A. 3 B. 4 C. 5 D. 6 E. 9

We have a following sequence: \(\sqrt{3}\), \(3\), \(3\sqrt{3}\), \(9\), ...

Notice that this sequence is a geometric progression with first term equal to \(\sqrt{3}\) and common ratio also equal to \(\sqrt{3}\).

The question asks: the sum of how many terms of this sequence adds up to \(120+121\sqrt{3}\).

The sum of the first \(n\) terms of geometric progression is given by: \(sum=\frac{b*(r^{n}-1)}{r-1}\), (where \(b\) is the first term, \(n\) # of terms and \(r\) is a common ratio \(\neq{1}\)).

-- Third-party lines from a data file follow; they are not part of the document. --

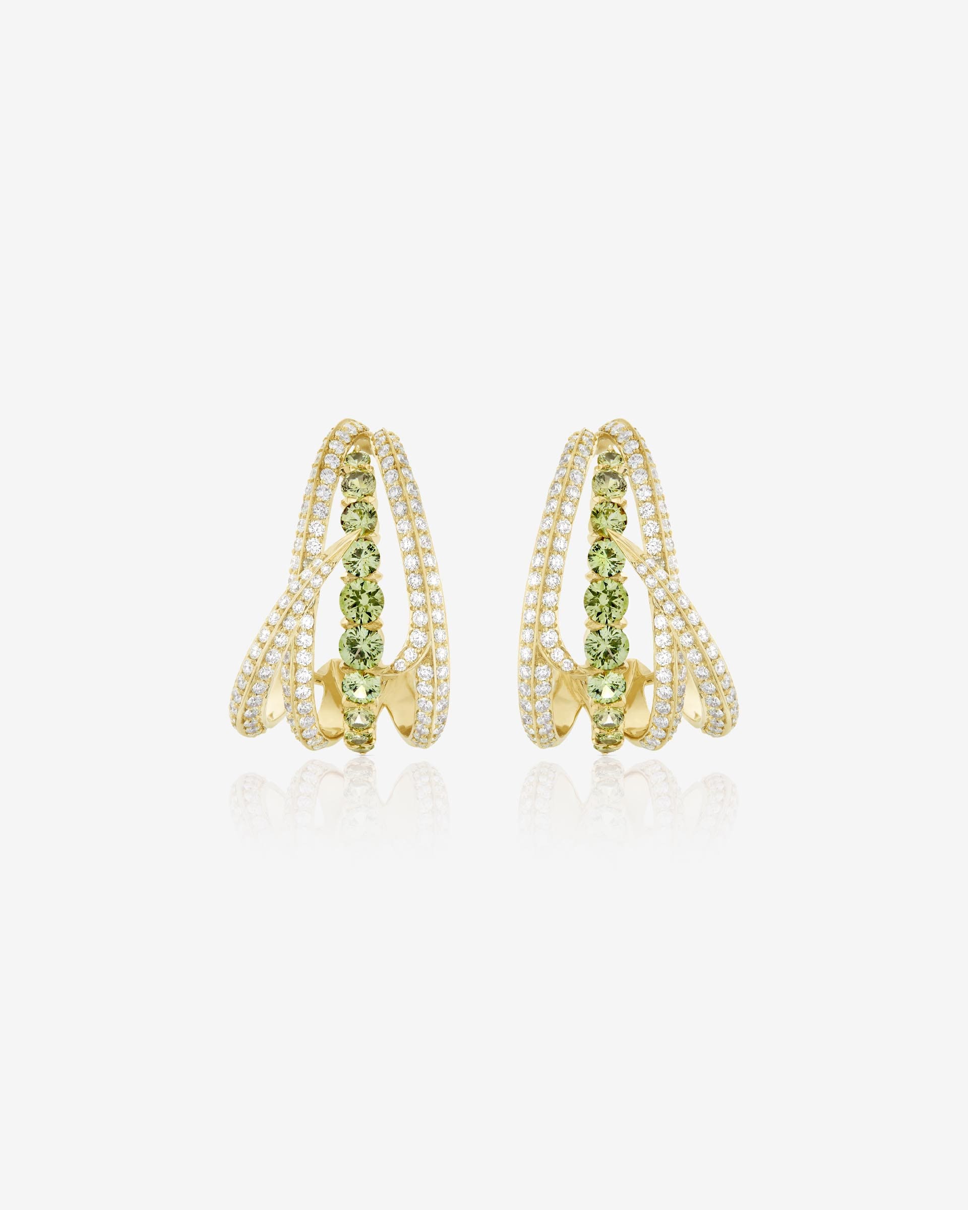 Dramatic pairings of mint green Demantoid Garnets and White Diamond pavé thorns form the Bound Together Gem Earrings, crafted in 18ct Yellow Gold for a glamourous look.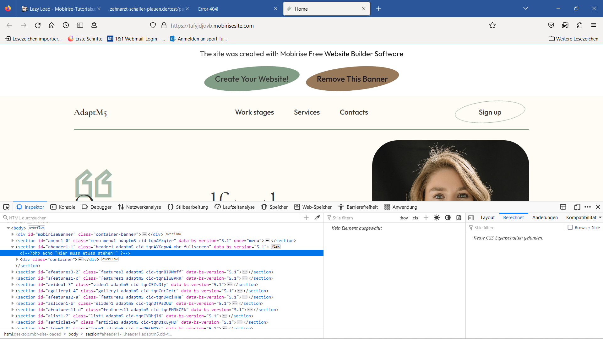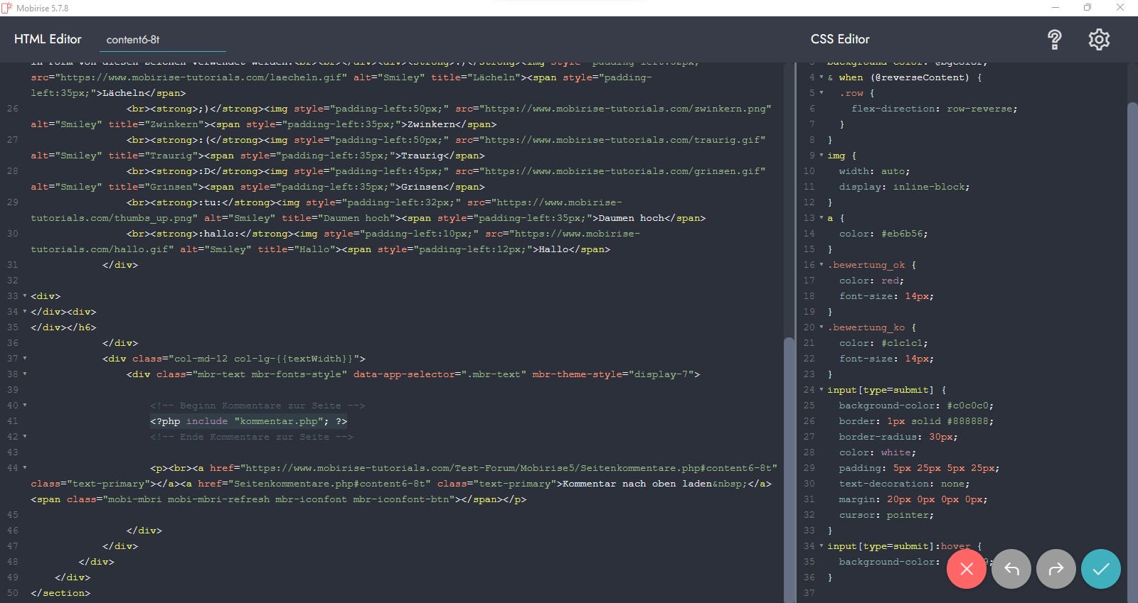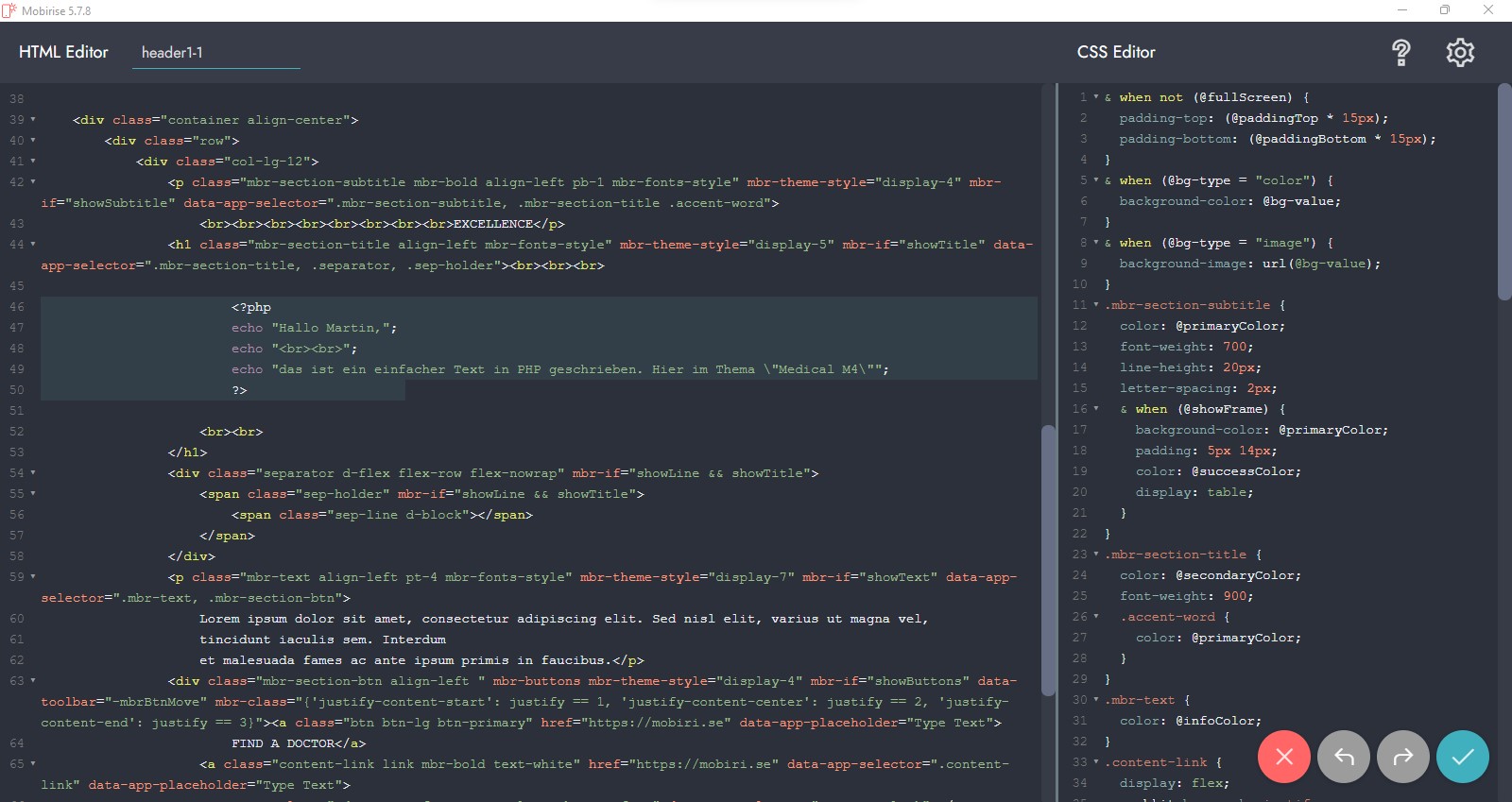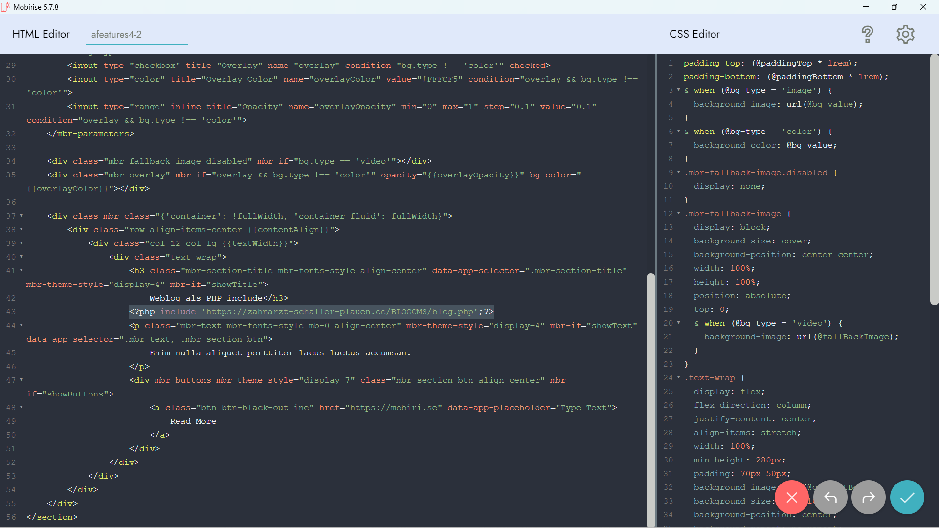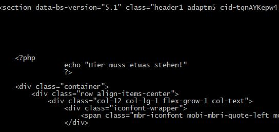 Also - z.B. ein PHP-Include, das ja nur irgendwo in den Body geschrieben wird, also bei Mobirise in den "Code Editor" eines Blocks, wie hier in meinem Screenshot bereits zu erkennen ist: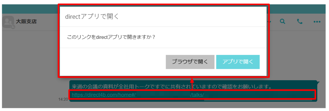 リンク(メッセージ/トーク/ノート)をクリックすると、「directアプリで開く」 ダイアログが表示されます。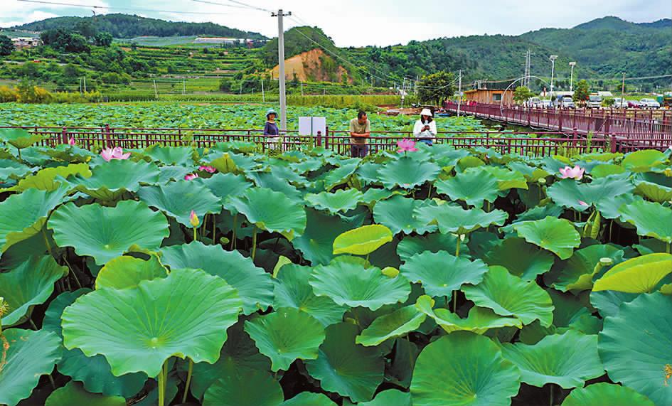 盛夏时节,地处通海县高大乡普丛村的数百亩荷花陆续盛开,吸引游人前来观赏游玩。据悉,普丛村立足本地自然资源,以乡村生态环境为基础,推进特色农业与乡村旅游深度融合,让 “生态颜值”变 “经济产值”,为乡村振兴注入了新活力。 本报记者 曾梦琪 摄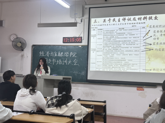 为全面提升团干部履职能力,夯实基层团组织建设根基,强化青年思想引领效能,经济与金融学院于2025年10月15日中午12点,在2507教室顺利召开团支书专题培训大会。本次会议由学院学生副书记付雨馨主持,24级、25级各班团支书全员参会。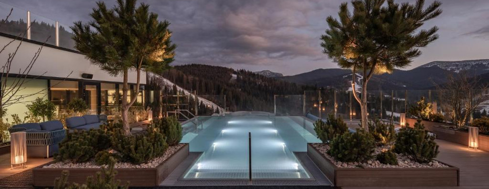 Современный wellness-комплекс с бассейнами, spa-процедурами и просторными номерами. Здесь всё про баланс: утро в горах, день у бассейна, вечер с видом на ели и снег.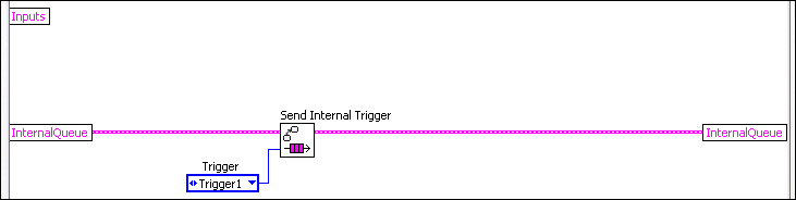 Tip You can obtain a list of valid triggers by right-clicking the Trigger input and selecting either Create»Control or Create»Constant from the shortcut menu. - Wire the Internal Queue Out output terminal to the InternalQueue cluster element on the right side of the block diagram.
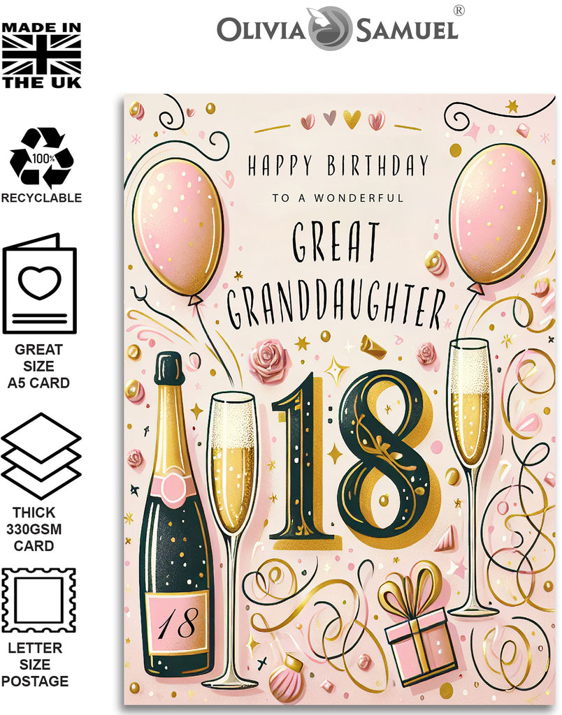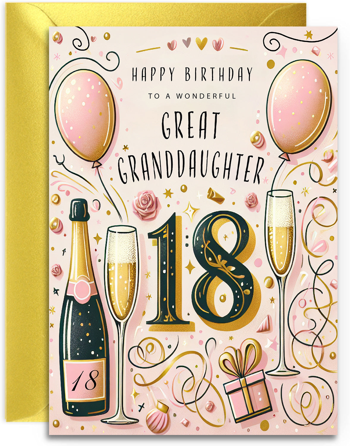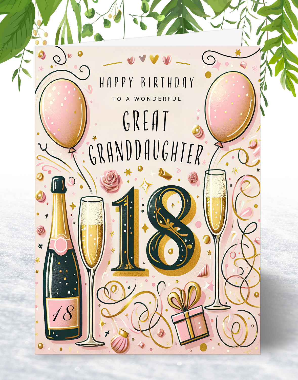 Great Granddaughter 18th Birthday Card - Champagne and Balloons design - Elegant Birthday Card for Her Age 18 with lovely verse inside. A5 with Gold Envelope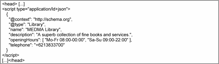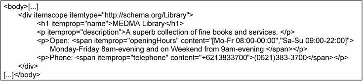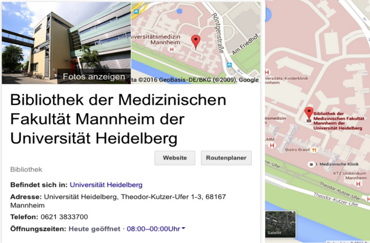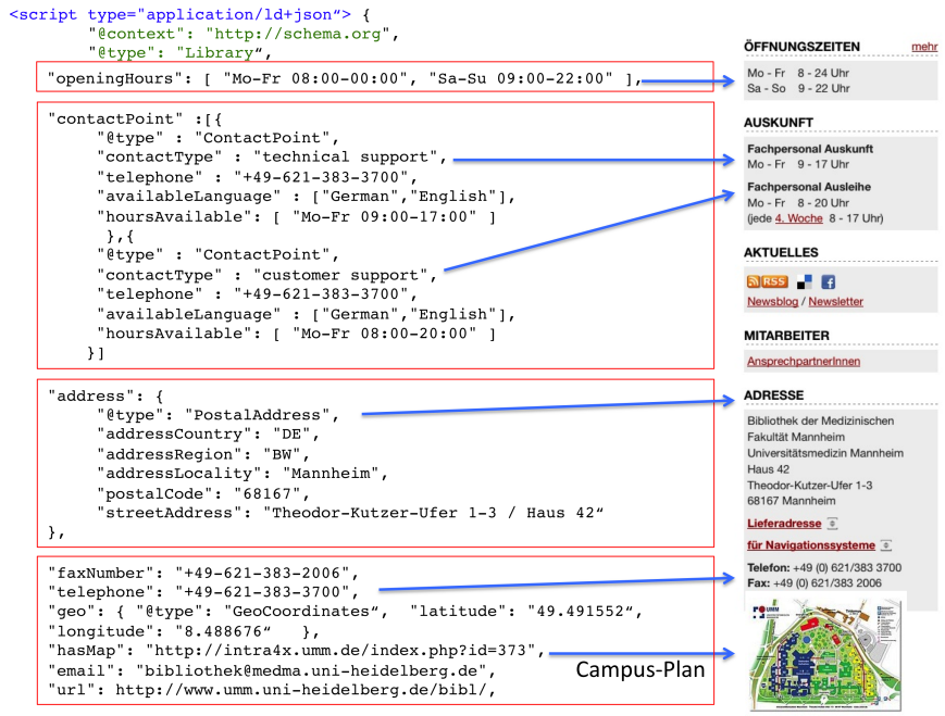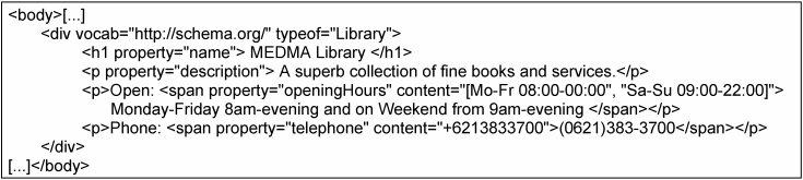 Das Semantic Web ist schon seit über 10 Jahren viel beachtet und hat mit der Verfügbarkeit von Resource Description Framework (RDF) und den entsprechenden Ontologien einen großen Sprung in die Praxis gemacht. Vertreter kleiner Bibliotheken und Bibliothekare mit geringer Technik-Affinität stehen aber im Alltag vor großen Hürden, z.B. bei der Frage, wie man diese Technik konkret in den eigenen Webauftritt einbinden kann: man kommt sich vor wie Don Quijote, der versucht die Windmühlen zu bezwingen. RDF mit seinen Ontologien ist fast unverständlich komplex für Nicht-Informatiker und somit für den praktischen Einsatz auf Bibliotheksseiten in der Breite nicht direkt zu gebrauchen. Mit Schema.org wurde ursprünglich von den drei größten Suchmaschinen der Welt Google, Bing und Yahoo eine einfach und effektive semantische Beschreibung von Entitäten entwickelt. Aktuell wird Schema.org durch Google, Microsoft, Yahoo und Yandex weiter gesponsert und von vielen weiteren Suchmaschinen verstanden. Vor diesem Hintergrund hat die Bibliothek der Medizinischen Fakultät Mannheim auf ihrer Homepage (http://www.umm.uni-heidelberg.de/bibl/) verschiedene maschinenlesbare semantische Metadaten eingebettet. Sehr interessant und zukunftsweisend ist die neueste Entwicklung von Schema.org, bei der man eine ‚Library‘ (https://schema.org/Library) mit Öffnungszeiten und vielem mehr modellieren kann. Ferner haben wir noch semantische Metadaten im Open Graph- und Dublin Core-Format eingebettet, um alte Standards und Facebook-konforme Informationen maschinenlesbar zur Verfügung zu stellen.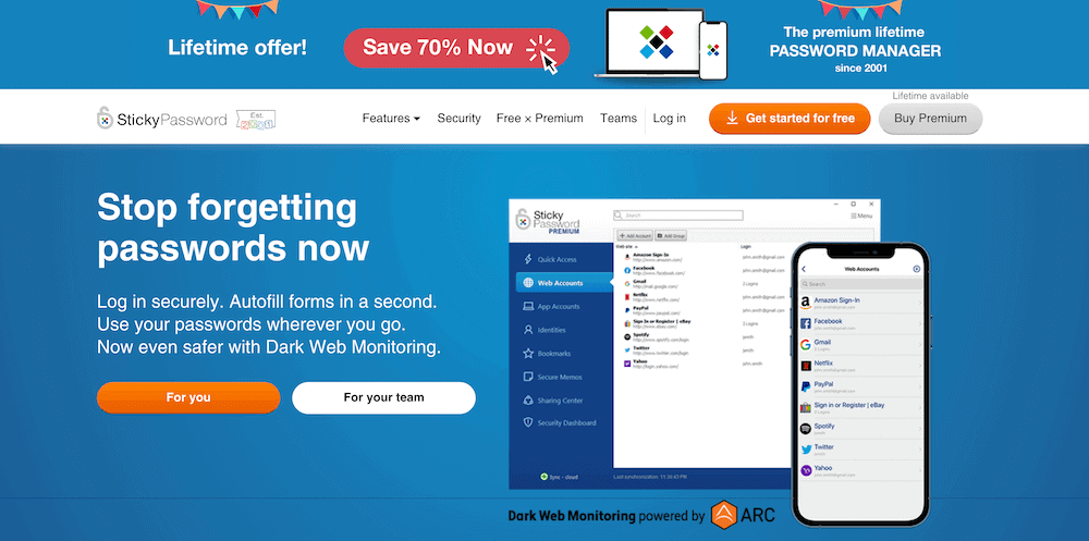 With Sticky Password, you can save unlimited passwords, generate strong passwords and sync them across devices. It’s available on Chrome, Firefox, Edge, Opera, Android, Windows, iOS and macOS. We think it’s pretty cool that you can create a portable Windows copy of your vault, save it on an external drive and access it on any Windows device.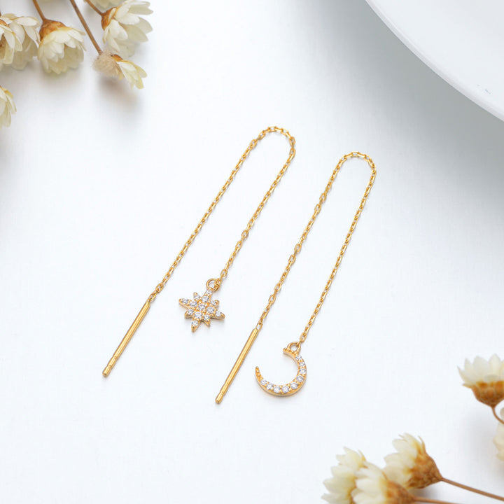 14K Gold Circular Shaped Cubic Zirconia Moon & Star Drop Earrings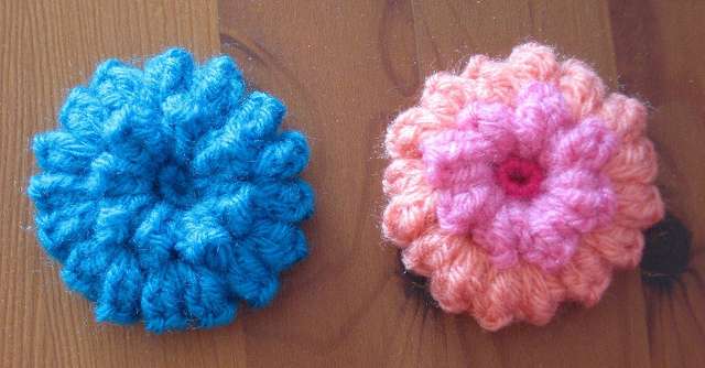 Encontré este patrón (Popcorn Stitch Flower de B.Hooked Crochet) hace un par de días y me pareció muy bonito, así que me decidí a probarlo rápidamente. Es muy fácil de aprender, y muy versátil ya que se pueden variar los colores y el número de pétalos y vueltas, y utilizarlo de muchas maneras. Hice este par de broches que me servirán de improvisados detalles para el Día de la Madre.

Shortcut solution: Alternately you can spot that every second term (which also form a geometric progression), 3, 9, 27, ... should add up to 120: \(\frac{3(3^k-1)}{3-1}=120\) --> \(3^k-1=80\) --> \(3^k=81\) --> \(k=4\), so the number of terms must be either \(2k=8\) (if there are equal number of irrational and rational terms) or \(2k+1=9\) (if # of irrational terms, with \(\sqrt{3}\), is one more than # rational terms), since only 9 is present among options then it must be a correct answers.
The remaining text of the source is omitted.